Am Samstag, den 15.01.2022, 16:38 -0500 schrieb Paul Koning:
> > On Jan 15, 2022, at 4:28 PM, Martin Sebor <mse...@gmail.com> wrote:
> > 
> > On 1/14/22 07:58, Paul Koning via Gcc wrote:
> > > > On Jan 14, 2022, at 9:15 AM, Michael Matz via Gcc <gcc@gcc.gnu.org> 
> > > > wrote:
> > > > 
> > > > > ...
> > > > But right now that's equivalent to making it observable,
> > > > because we don't have any other terms than observable or
> > > > undefined.  As aluded to later you would have to
> > > > introduce a new concept, something pseudo-observable,
> > > > which you then started doing.  So, see below.
> > > I find it really hard to view this notion of doing work for UB with any 
> > > favor.  The way I see
> > > it is that a program having UB is synonymous with "defective program" and 
> > > for the compiler to
> > > do extra work for these doesn't make much sense to me.
> > 
> > This is also the official position of the C committee on record,
> > but it's one that's now being challenged.

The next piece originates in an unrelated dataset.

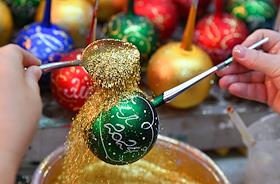 Производство новогодних игрушек из стекла на фабрике елочных украшений "Бирюсинка".
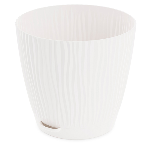 Горшок состоит из кашпо и поддона, которые надежно крепятся между собой. Горшок оснащен дренажной решеткой и специальным носиком, с помощью которого производится прикорневой полив. Такая система полива создает вентиляцию в корневой системе растения, а также позволяет выходить лишней влаге из почвы. Рифлёный рисунок имитирует рельефную текстуру традиционной керамики ручной работы. «Волнистая» поверхность сохраняет свою форму как с внешней, так и с внутренней стороны горшка. Горшок «Флис» не только привлекает своим стильным и современным дизайном, но также поддерживает оптимальный уровень влаги в корне растения. Благодаря этой системе, вы можете заботиться о своем растении и наслаждаться его красотой без лишних хлопот.

"nonportable or erroneous" is the official position.

> > > If the issue is specifically the handling of overflow traps, perhaps a 
> > > better answer would be
> > > to argue for language changes that manage such events explicitly rather 
> > > than having them be
> > > undefined behavior.  Another (similar) option might be to choose a 
> > > language in which this is
> > > done.  (Is Ada such a language?  I don't remember.)
> > 
> > A change to the language standard is only feasible if it doesn't
> > overly constrain existing implementations. 
> 
> I was thinking that if a new feature is involved, rather than a new 
> definition of behavior for
> existing code, it wouldn't be a constraint on existing implementations (in 
> the sense of "what the
> compiler does for existing code written to the current rules").  In other 
> words, suppose there was
> a concept of "trapping operations" that could be enabled by some new 
> mechanism in the program
> text.  If you use that, then you're asking the compiler to do more work and 
> your code may get
> slower or bigger.  But if you don't, the existing rules apply and nothing bad 
> happens (other than
> that the compiler is somewhat larger and more complex due to the support for 
> both cases).

There are also different proposal for doing something like this,
e.g. making certain undefined behaviour defined as trapping
operations, either as a language variant or by default.

But this is not my idea here, I want to limit the impact of UB
on defective programs - accepting the reality that in the real
world programs often have defects and any serious field of 
engineering needs to deal with this in a better way than to
say "the ISO standard says no requirements - so you loose".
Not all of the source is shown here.